• Aries Though you try to follow the teachings of your odd religion, you have trouble with the parable that instructs you to enjoy being hit twice in the face.
  • Taurus The stars say your broken heart will heal with time, but they aren't anywhere near as confident about that femur.
  • Gemini You will go down in history as the brave soul who started the revolution in home theater in your neighborhood.
  • Cancer You will face the painful realization that you're not as important as you had thought when your boss finds someone else to work the deep-greaser this Sunday.

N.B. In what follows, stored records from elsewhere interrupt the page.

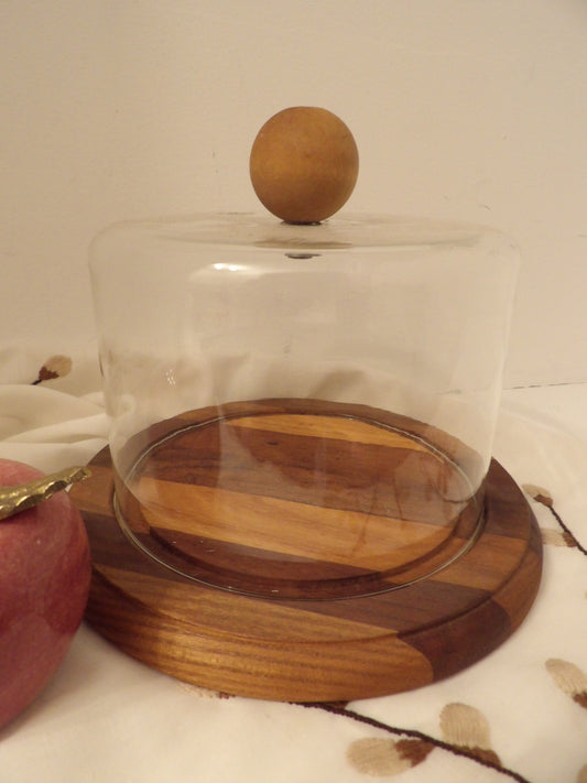 WOODEN Cheese Tray with Glass Dome
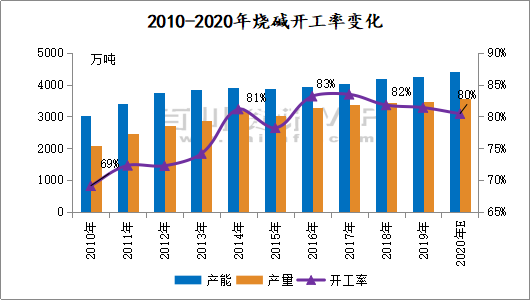 2020年6月末百川盈孚統計中國燒堿產能約4341.4萬噸,燒堿產能利用率逐漸穩定在80%上方。
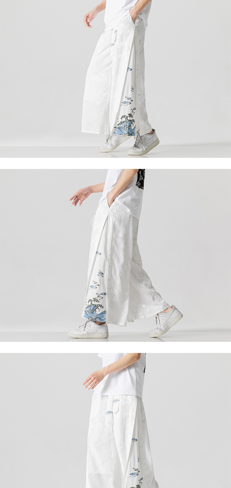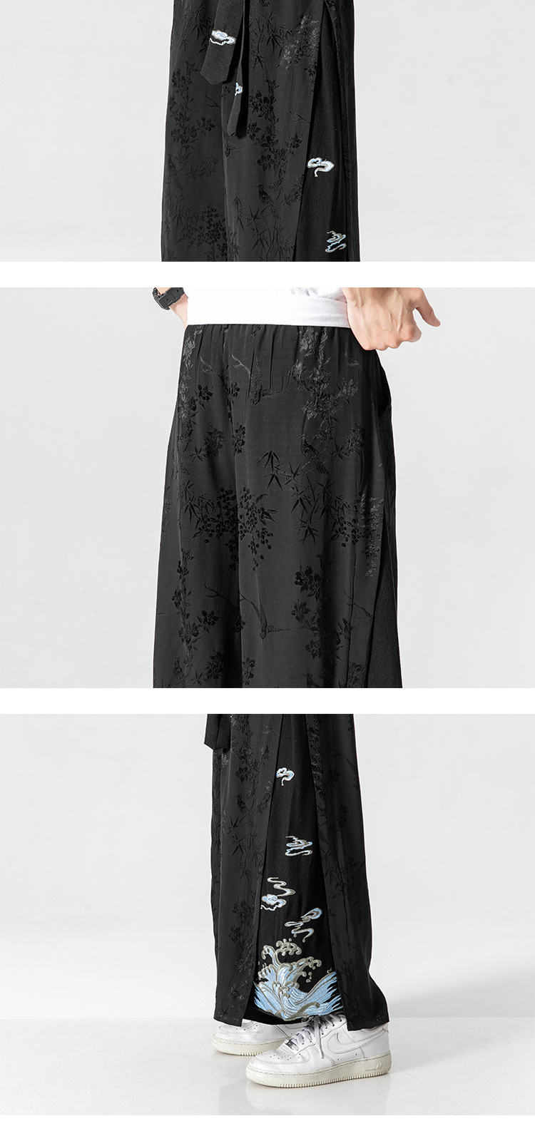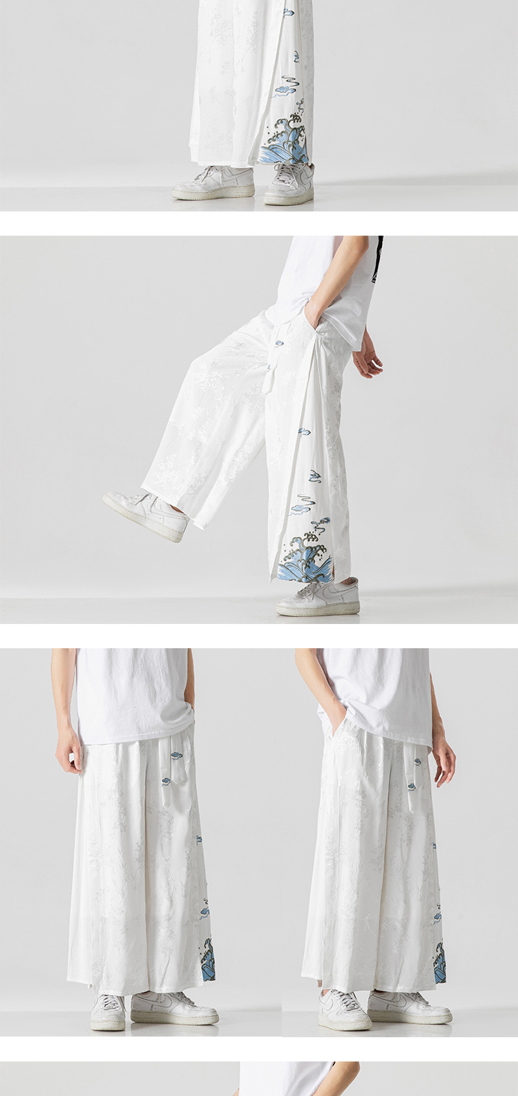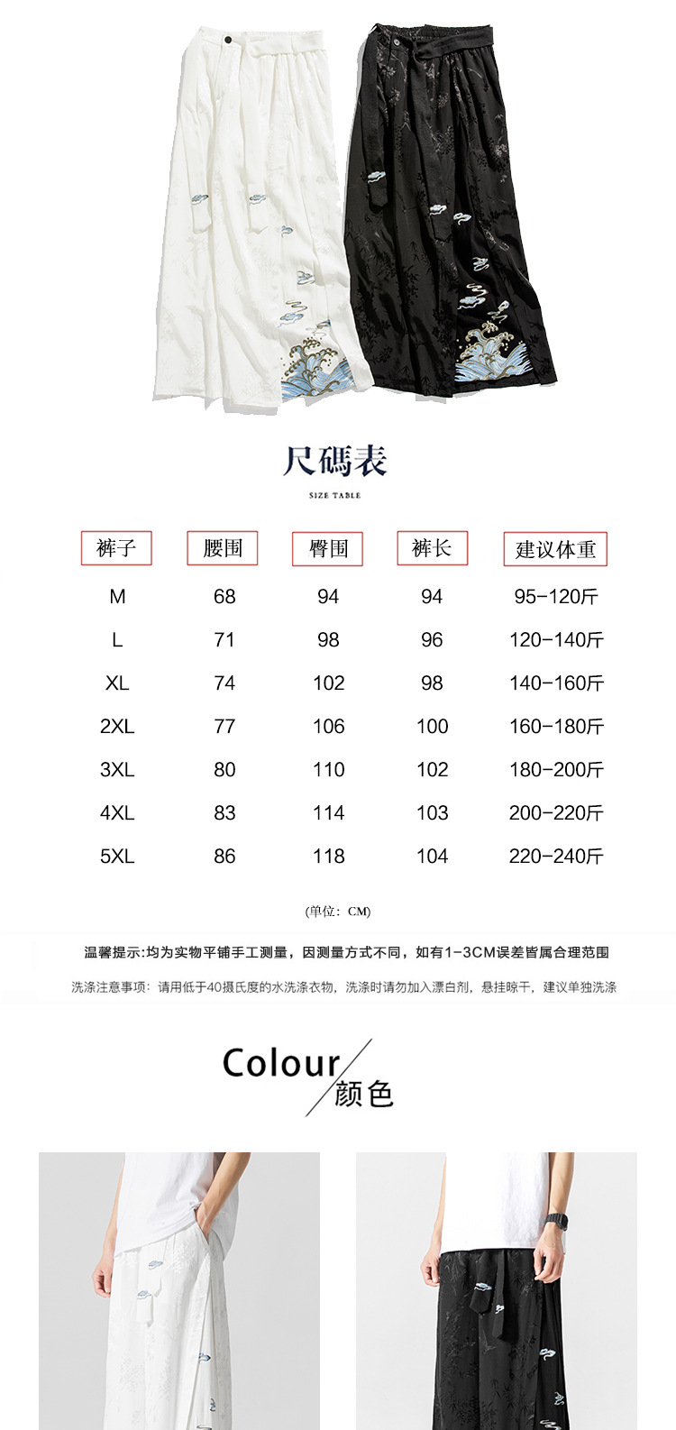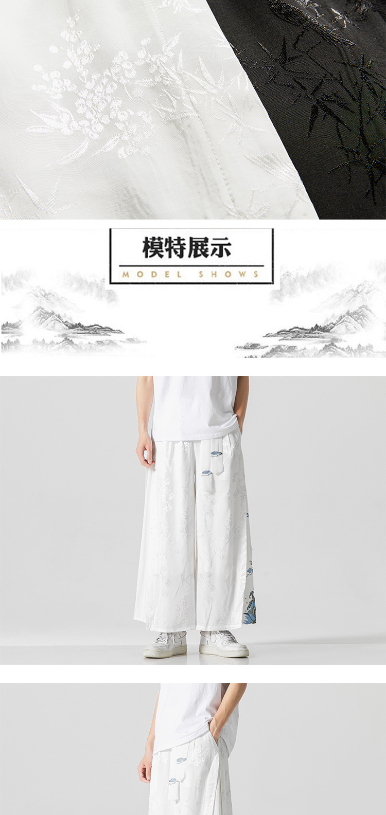 2023 새로운 여름 중국 스타일 면 및 대마 바지 유행 민족 스타일 중공업 자수 와이드 다리 바지 Hanfu Tang 세트 고대 의상

  • Leo You will gradually come to realize that maybe those people didn't actually want to be freed from the group home.
  • Virgo Act surprised all you want, but you know damn well why hockey great Theoren Fleury is waiting on your doorstep with flowers and candy.
  • Libra Some days it doesn't seem like you can do anything right. This could be because you are a fat, bumbling comic foil.
  • Scorpio Your body is going through some strange changes right now, but don't try to fight them: One way or another, that baby's got to come out.
  • Sagittarius The stars indicate that if you keep eating all those candy bars, you're going to turn into a candy bar yourself. Oh, okay, your mom actually says that.
  • Capricorn Try not to go around preaching against eating other humans while wearing a jacket made of their skins.
  • Aquarius Try to avoid passing judgment on others, unless you happen to be a judge. Then, of course, it's okay.
  • Pisces The moon is in Pisces this week, but so is half a bottle of Jameson's, so don't believe anything Pisces says for a while.